__Exercise brief__: In your copy, leave out the pictures and repeat every record exactly.
§ §
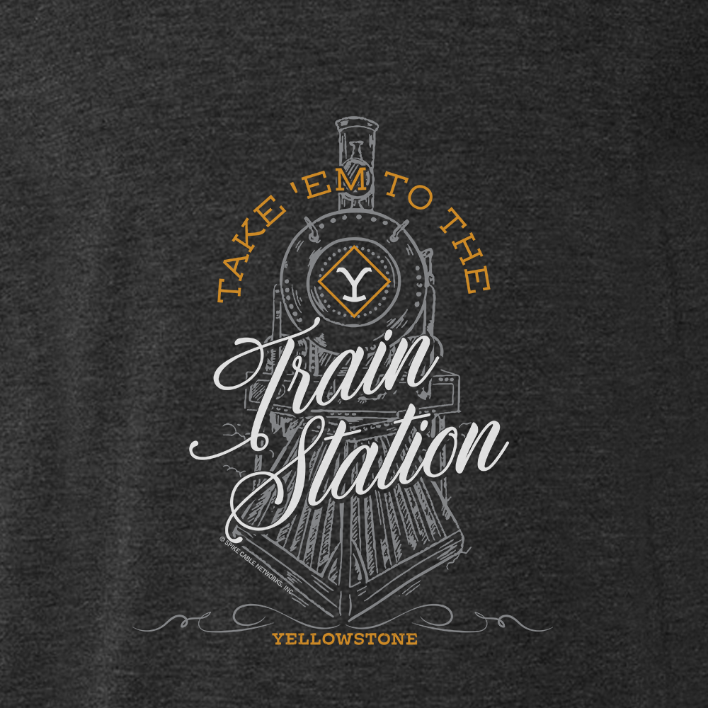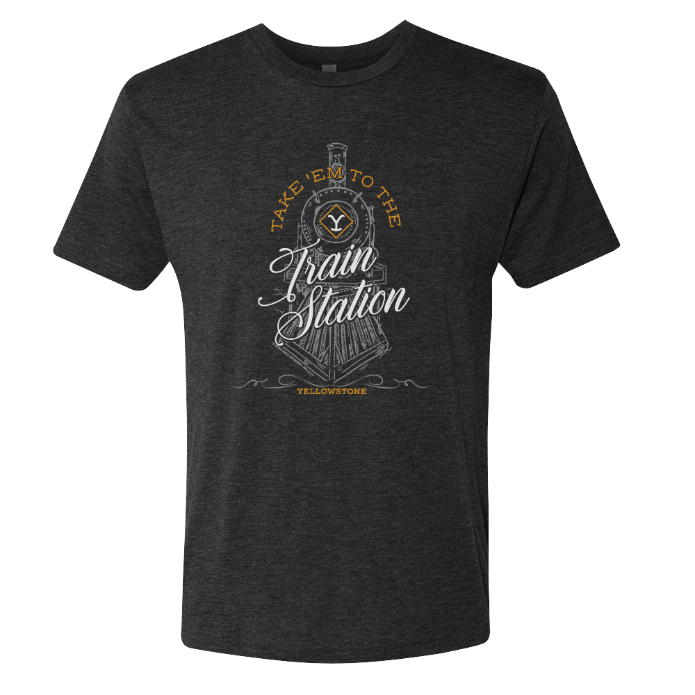 Every true fan of Yellowstone knows about the Train Station. Show your love for the Dutton Ranch with this Yellowstone Take 'Em To The Train Station Adult Tri-Blend T-Shirt. Perfect for Yellowstone superfans, this exclusive t-shirt is great addition to your Yellowstone collection.- Super soft and comfortable tri-blend material will make this shirt your new favorite!
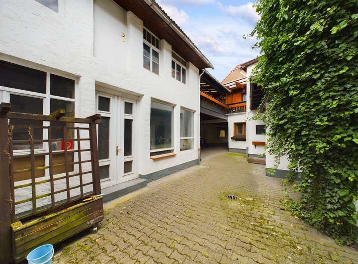Dieses charmante Wohn-Geschäftshaus mit Werkstatt liegt in zentraler Altstadtlage von Usingen. Die Immobilie verfügt über eine Gesamtwohnfläche von ca. 240 m², verteilt auf zwei Wohneinheiten, die miteinander verbunden sind (bisher keine zwei separaten Zugänge, aber die Möglichkeit besteht). Diese einzigartige Immobilie bietet Ihnen nicht nur zwei miteinander verbundene Wohnungen, sondern auch eine geräumige Werkstatt und Lagerräume. Beim Betreten des Eingangsbereichs werden Sie von einem einladenden Flur empfangen, der Sie zur rechten Seite in die großzügige Wohnküche führt. Diese ist mit einer etwas in die Jahre gekommenen Einbauküche ausgestattet. Angrenzend an die Küche befindet sich das gemütliche Esszimmer. Der Flur führt Sie weiter zu einem geräumigen Wohnbereich, der ebenfalls direkt von der Küche erreichbar ist. Das Wohnzimmer ist schön hell und gut zu gestalten. Zur Linken des Flurs befindet sich ein Duschbad mit Tageslicht und ein WC. Auf derselben Ebene finden Sie einen vielseitiger Hobby- oder Partyraum mit Bartheke, perfekt für gesellige Zusammenkünfte oder entspannte Stunden allein. Im Obergeschoss erwartet Sie die zweite Wohneinheit mit 5 Zimmern. Ein heller Wohnraum lädt zum Verweilen ein, während die Wohnküche mit einer charmanten älteren Einbauküche ausgestattet ist. Das angrenzende Esszimmer bietet eine gemütliche Atmosphäre für gemeinsame Mahlzeiten. Der Flur führt Sie zu einem geräumigen Schlafzimmer und zwei Kinderzimmern, die nur darauf warten, nach Ihren individuellen Vorstellungen gestaltet zu werden. Des Weiteren gibt es ein Wannenbad mit Tageslicht und ein separates WC. Über den Außenbereich gelangen Sie in die großzügig geschnittene Werkstatt und in die Lager-Räumlichkeiten, die Ihnen vielfältige Nutzungsmöglichkeiten bieten. Diese Immobilie bietet Ihnen ein einzigartiges Wohn- und Arbeitskonzept, das Raum für Kreativität und persönliche Entfaltung lässt. Der große Innenhof wartet auf eine liebevolle Gestaltung.
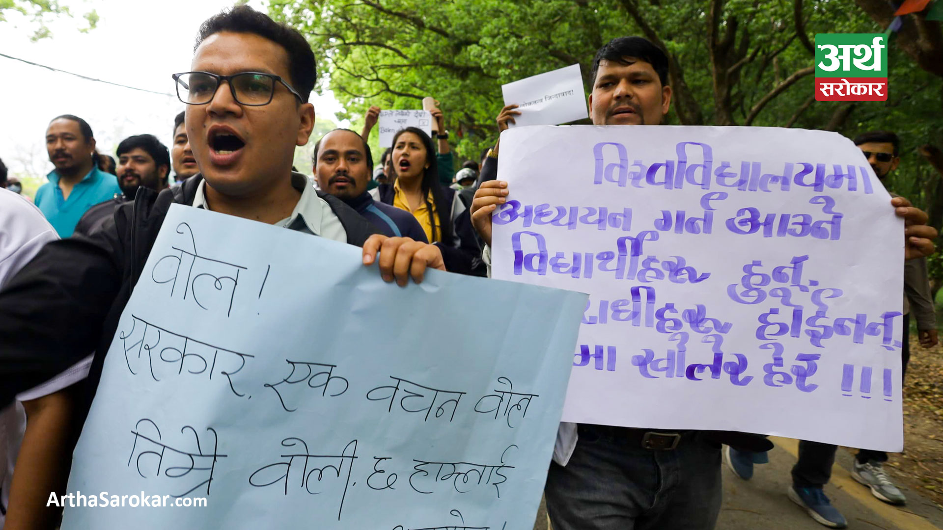 त्रिभुवन विश्वविद्यालय घण्टाघरदेखि टियु गेटसम्म मार्चपास गर्दै विद्यार्थीहरूले सरकारको निर्णयप्रति असन्तुष्टि व्यक्त गरेका हुन् । उनीहरूको भनाइमा विद्यार्थी संगठनमाथि प्रतिबन्ध लगाउने निर्णय संविधान र लोकतान्त्रिक मूल्य-मान्यताविपरीत हुनुका साथै नागरिक अधिकारमाथिको प्रत्यक्ष हस्तक्षेप हो। त्यसैले उक्त निर्णय तत्काल फिर्ता गर्नुपर्ने माग गरिएको छ ।
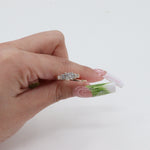 All descriptions of diamonds and gemstones we provide are based on observations made while the stones are in mounted settings and under standard lighting conditions. These descriptions, including but not limited to color, clarity, and cut, may vary slightly from those observed under different settings or lighting conditions. We strive for accuracy, but please be aware that the appearance of gemstones and diamonds can be influenced by their surroundings and lighting. For precise evaluation, an independent assessment under laboratory conditions is recommended.
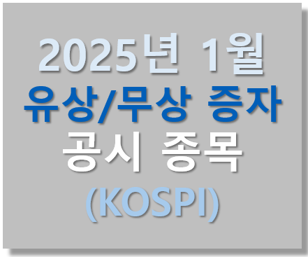 2025년 1월 코스피 유상/무상 증자 공시 종목을 알아봅시다.
§ §
__Task answer__:
 Every true fan of Yellowstone knows about the Train Station. Show your love for the Dutton Ranch with this Yellowstone Take 'Em To The Train Station Adult Tri-Blend T-Shirt. Perfect for Yellowstone superfans, this exclusive t-shirt is great addition to your Yellowstone collection.- Super soft and comfortable tri-blend material will make this shirt your new favorite!
Dieses charmante Wohn-Geschäftshaus mit Werkstatt liegt in zentraler Altstadtlage von Usingen. Die Immobilie verfügt über eine Gesamtwohnfläche von ca. 240 m², verteilt auf zwei Wohneinheiten, die miteinander verbunden sind (bisher keine zwei separaten Zugänge, aber die Möglichkeit besteht). Diese einzigartige Immobilie bietet Ihnen nicht nur zwei miteinander verbundene Wohnungen, sondern auch eine geräumige Werkstatt und Lagerräume. Beim Betreten des Eingangsbereichs werden Sie von einem einladenden Flur empfangen, der Sie zur rechten Seite in die großzügige Wohnküche führt. Diese ist mit einer etwas in die Jahre gekommenen Einbauküche ausgestattet. Angrenzend an die Küche befindet sich das gemütliche Esszimmer. Der Flur führt Sie weiter zu einem geräumigen Wohnbereich, der ebenfalls direkt von der Küche erreichbar ist. Das Wohnzimmer ist schön hell und gut zu gestalten. Zur Linken des Flurs befindet sich ein Duschbad mit Tageslicht und ein WC. Auf derselben Ebene finden Sie einen vielseitiger Hobby- oder Partyraum mit Bartheke, perfekt für gesellige Zusammenkünfte oder entspannte Stunden allein. Im Obergeschoss erwartet Sie die zweite Wohneinheit mit 5 Zimmern. Ein heller Wohnraum lädt zum Verweilen ein, während die Wohnküche mit einer charmanten älteren Einbauküche ausgestattet ist. Das angrenzende Esszimmer bietet eine gemütliche Atmosphäre für gemeinsame Mahlzeiten. Der Flur führt Sie zu einem geräumigen Schlafzimmer und zwei Kinderzimmern, die nur darauf warten, nach Ihren individuellen Vorstellungen gestaltet zu werden. Des Weiteren gibt es ein Wannenbad mit Tageslicht und ein separates WC. Über den Außenbereich gelangen Sie in die großzügig geschnittene Werkstatt und in die Lager-Räumlichkeiten, die Ihnen vielfältige Nutzungsmöglichkeiten bieten. Diese Immobilie bietet Ihnen ein einzigartiges Wohn- und Arbeitskonzept, das Raum für Kreativität und persönliche Entfaltung lässt. Der große Innenhof wartet auf eine liebevolle Gestaltung.
 त्रिभुवन विश्वविद्यालय घण्टाघरदेखि टियु गेटसम्म मार्चपास गर्दै विद्यार्थीहरूले सरकारको निर्णयप्रति असन्तुष्टि व्यक्त गरेका हुन् । उनीहरूको भनाइमा विद्यार्थी संगठनमाथि प्रतिबन्ध लगाउने निर्णय संविधान र लोकतान्त्रिक मूल्य-मान्यताविपरीत हुनुका साथै नागरिक अधिकारमाथिको प्रत्यक्ष हस्तक्षेप हो। त्यसैले उक्त निर्णय तत्काल फिर्ता गर्नुपर्ने माग गरिएको छ ।
 All descriptions of diamonds and gemstones we provide are based on observations made while the stones are in mounted settings and under standard lighting conditions. These descriptions, including but not limited to color, clarity, and cut, may vary slightly from those observed under different settings or lighting conditions. We strive for accuracy, but please be aware that the appearance of gemstones and diamonds can be influenced by their surroundings and lighting. For precise evaluation, an independent assessment under laboratory conditions is recommended.
 2025년 1월 코스피 유상/무상 증자 공시 종목을 알아봅시다.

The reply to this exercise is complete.